Normal Findings
The HPO contains terms that denote abnormal phenotypic features. There are no terms such as Normal renal echogenicity.
How can HPO be used to state that a clinical finding was normal?
To state for instance, we state that the abnormal term was excluded. For instance, to state that renal echogenicity was normal, we would state
Abnormal renal echogenicity (HP:0033130): Excluded.
There are many ways that HPO-based databases can represent this information.
Tabular
For instance, the following table shows three HPO terms and eight patients in whom an HPO term was observed, excluded, or for which no information was available ("na")

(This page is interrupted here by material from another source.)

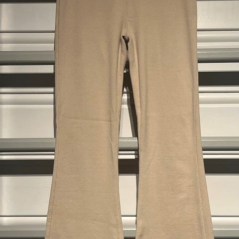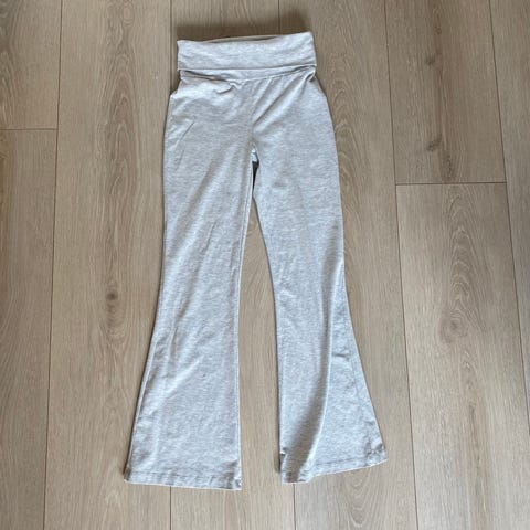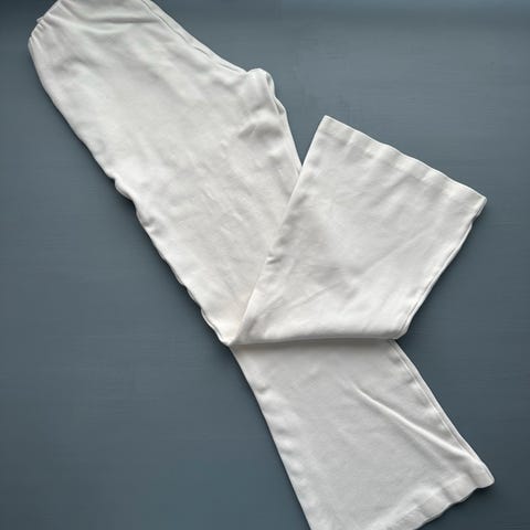 Hvit tights med utsvingte bein og nedbrettbar midje.

| HPO Term | P1 | P2 | P3 | P4 | P5 | P6 | P7 | P8 |
|---|---|---|---|---|---|---|---|---|
| Primum atrial septal defect (HP:0010445 | excluded | na | observed | observed | na | observed | observed | na |
| Hypernatremia (HP:0003228) | observed | observed | na | excluded | na | observed | na | excluded |
| Splenomegaly (HP:0001744) | na | excluded | excluded | eobserved | observed | na | observed | na |
GA4GH Phenopackets
The Phenopacket Schema was designed to represent clinical information using HPO terms. The Phenopacket Schema contains an element called PhenotypicFeature that contains a field to indicate whether a feature was excluded or not. This is the recommended way to represent HPO-based clinical data.
What to exclude
It is good to annotate observed findings as specifically as possible (e.g., Renal cortical hypoechogeneity HP:0033133 rather than Abnormal renal echogenicity HP:0033130). However, if say sonography was used to investigate the kidney, then one provides more information by indicating that Abnormal renal echogenicity HP:0033130 was excluded because there are several different types of abnormal renal echogenicity (child terms) that are also excluded.